Final answer:
To prove that the 19th term of an AP is half of its 29th term given that the 9th term is zero, we use the formula for the nth term of an AP. We rearrange the equation and solve for the first term, which we find is equal to -16 times the common difference.
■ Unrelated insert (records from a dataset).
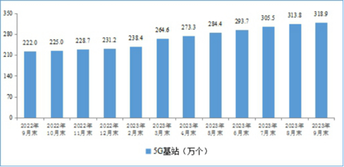 5G網(wǎng)絡(luò)建設(shè)持續(xù)推進(jìn)。截至9月末,我國(guó)移動(dòng)電話基站總數(shù)達(dá)1143萬個(gè),比上年末凈增59.8萬個(gè)。其中,5G基站總數(shù)達(dá)318.9萬個(gè),占移動(dòng)基站總數(shù)的27.9%。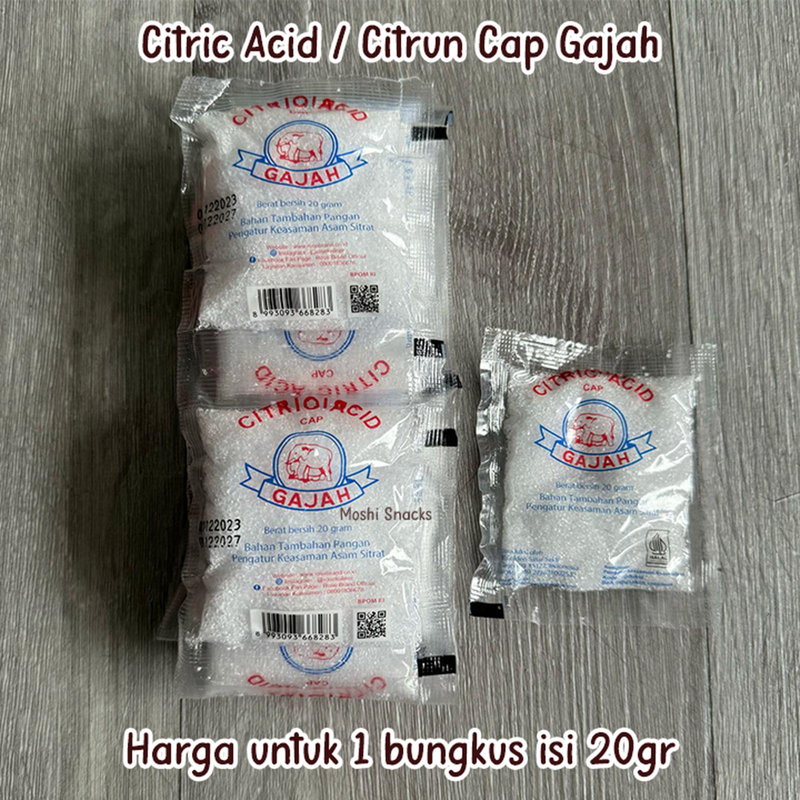 Dapatkan kemasan praktis Sitrun Cap Gajah untuk segala kebutuhan rumah tangga Anda. Tersedia dalam dua pilihan ukuran: 20gr dan 50gr. Produk ini merupakan Citric Acid Food Grade (Asam Sitrat Pangan) murni berbentuk kristal putih halus, sangat mudah larut dan memberikan rasa asam yang tajam dan alami.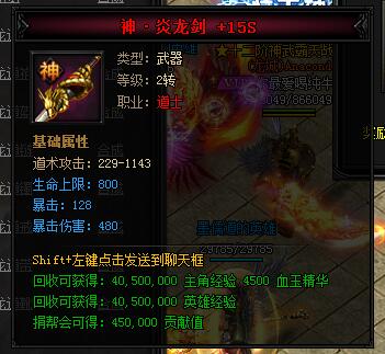 神·炎龙剑。类型:武器,等级:2转,职业:道士。基础属性——道术攻击:229-1143,生命上限:800,暴击:128,暴击伤害:480,回收可获得:40500000主角经验,4500血玉精华。回收可获得:40500000英雄经验,捐帮会可得:450000贡献值。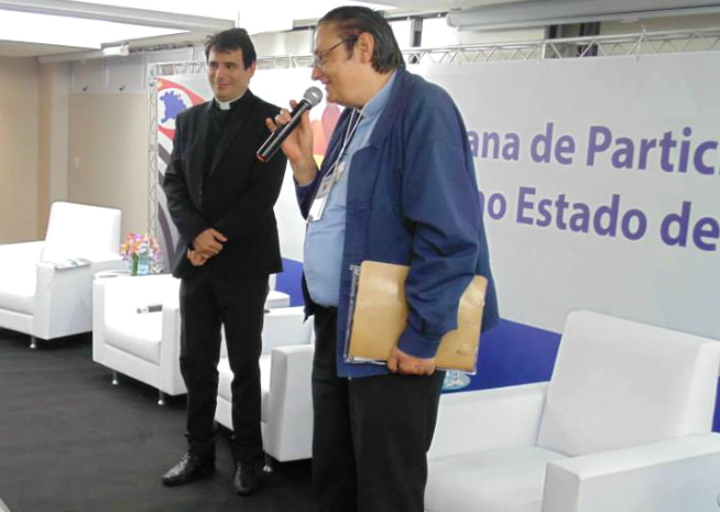 Na ocasião, o Conselheiro Estadual de Saúde Padre João Inácio Mildner apresentou o convidado especial, Padre Juarez de Castro, que falou sobre a representatividade e legitimidade para os Conselheiros de Saúde participantes. "É com alegria que temos entre nós uma pessoa muito fantástica, que tem um grande amor pela vida, um grande amor pelo povo - um grande comunicador, um grande líder não só da Arquidiocese de São Paulo, mas de todo o Brasil, que tem muito a oferecer no tema da participação - e é pela participação que nós temos a força para transformarmos o Sistema de Saúde naquele SUS que todos nós sonhamos, um SUS que gere vida e esperança para o nosso povo", destacou o Padre João.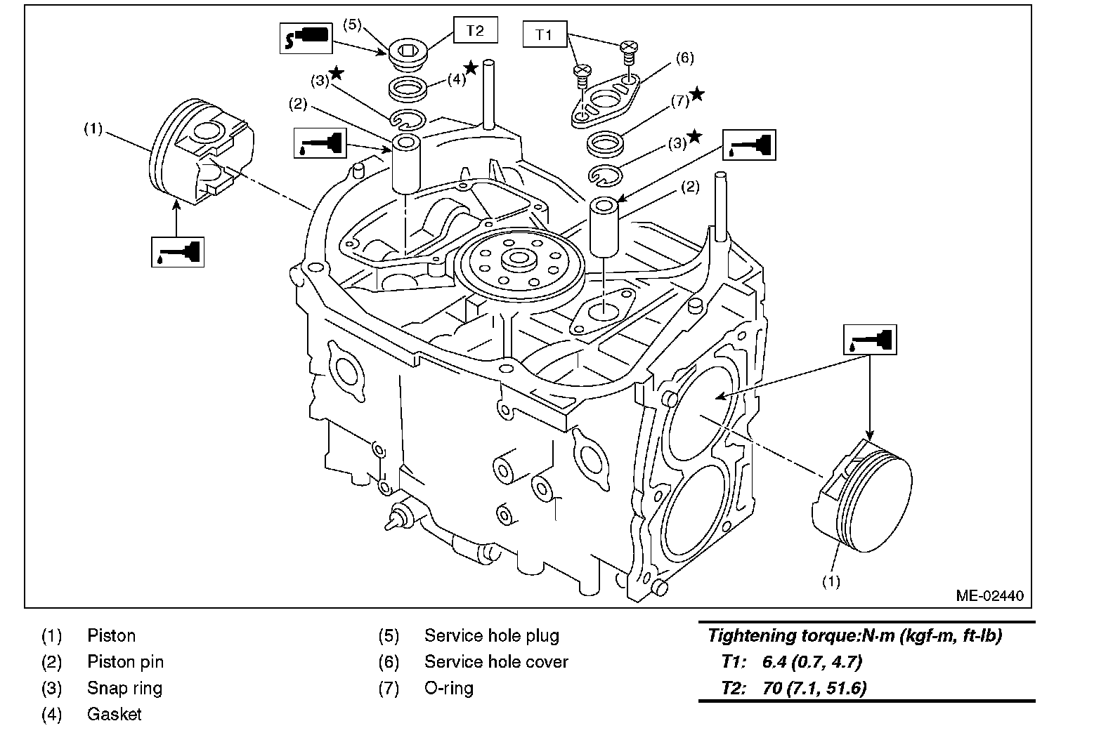 3. Apply a coat of engine oil to piston pin, and insert the piston pin into piston and connecting rod through service hole.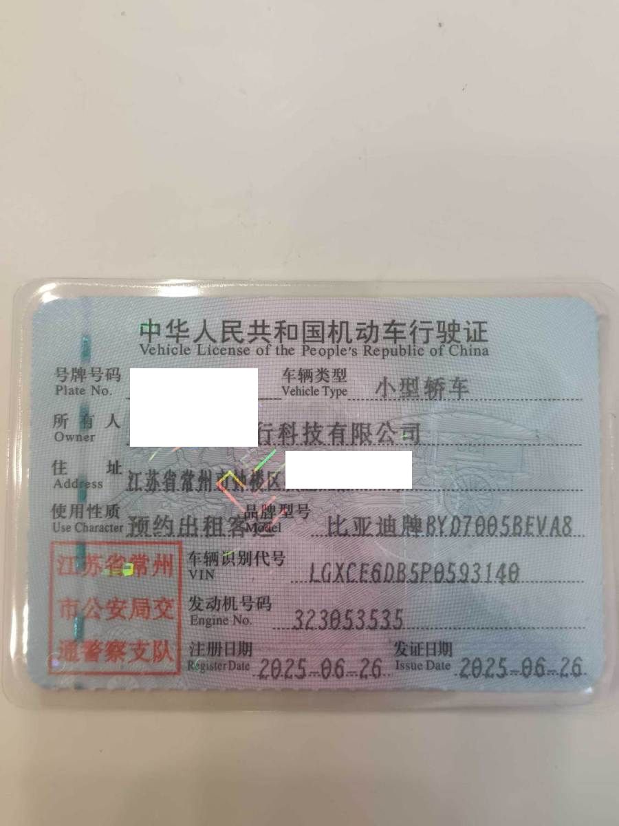 初次登记日期 2025-06-26 车辆名称 比亚迪 秦新能源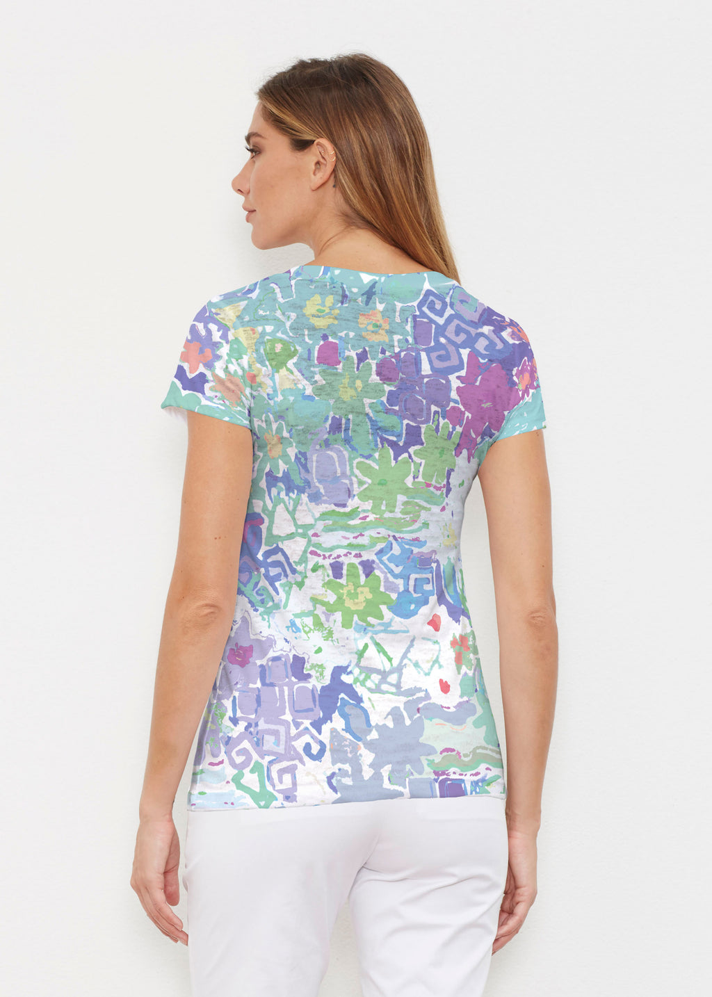 Created in soft, casual burn-out Signature blend, this tee features a subtle v-neck and cap sleeves.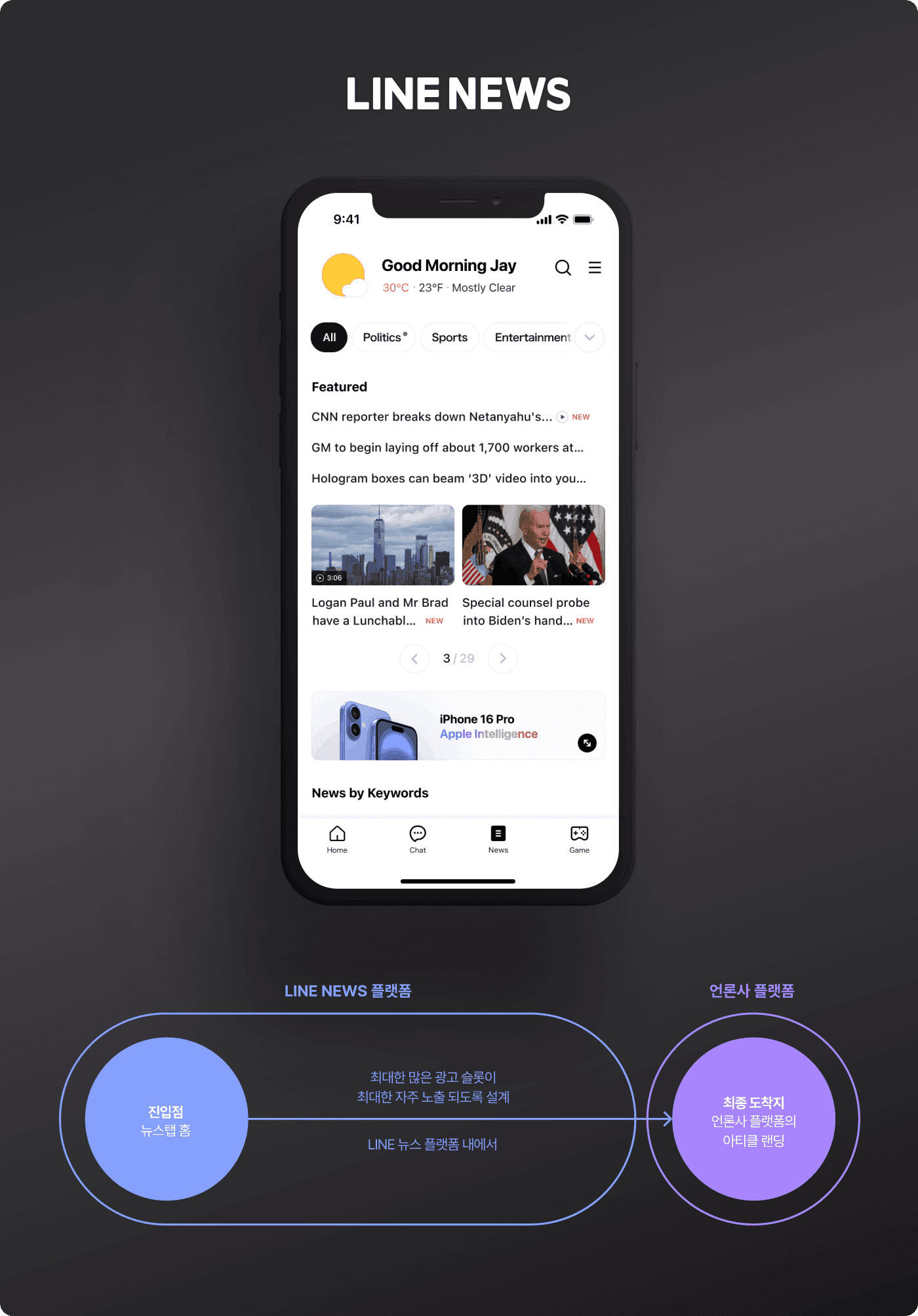 사업적 제약으로 인해 유저의 체류 시간이 가장 긴 아티클 랜딩은 LINE 플랫폼이 아닌 언론사 플랫폼으로 연결되어야 했으며, 이에 따라 광고 슬롯을 노출할 수 있는 구간은 아티클 랜딩 이전의 퍼널로 한정될 수밖에 없었습니다. 또한 뉴스 컨텐츠의 실제 소비 역시 언론사 플랫폼에서 이루어져야 했습니다.

Therefore, a19 = 2d and a29 = 2d, showing that a19 = (1/2) * a29.
Step-by-step explanation:
To prove that the 19th term of an AP is half of its 29th term given that the 9th term is zero, let's use the formula for the nth term of an AP:
an = a1 + (n - 1)d
Where an is the nth term, a1 is the first term, and d is the common difference. We're given a9 = 0, so plugging in the values:
a9 = a1 + (9 - 1)d = 0
a1 + 8d = 0
Similarly, we can find a19 and a29:
a19 = a1 + (19 - 1)d
a29 = a1 + (29 - 1)d
We need to prove that a19 = (1/2) * a29. To do this, let's subtract a1 + 8d from both sides of the equation for a29:
a29 - (a1 + 8d) = 0
By rearranging the equation, we get:
a1 + 18d = 2(a1 + 8d)
Expanding the right side:
a1 + 18d = 2a1 + 16d
Now, by rearranging the equation:
2a1 - a1 = 2d - 18d
a1 = -16d
This equation implies that a1 is equal to -16 times the common difference. Therefore, a19 = (-16d) + (19 - 1)d = 2d and a29 = (-16d) + (29 - 1)d = 2d.
Thus, we have shown that a19 = (1/2) * a29.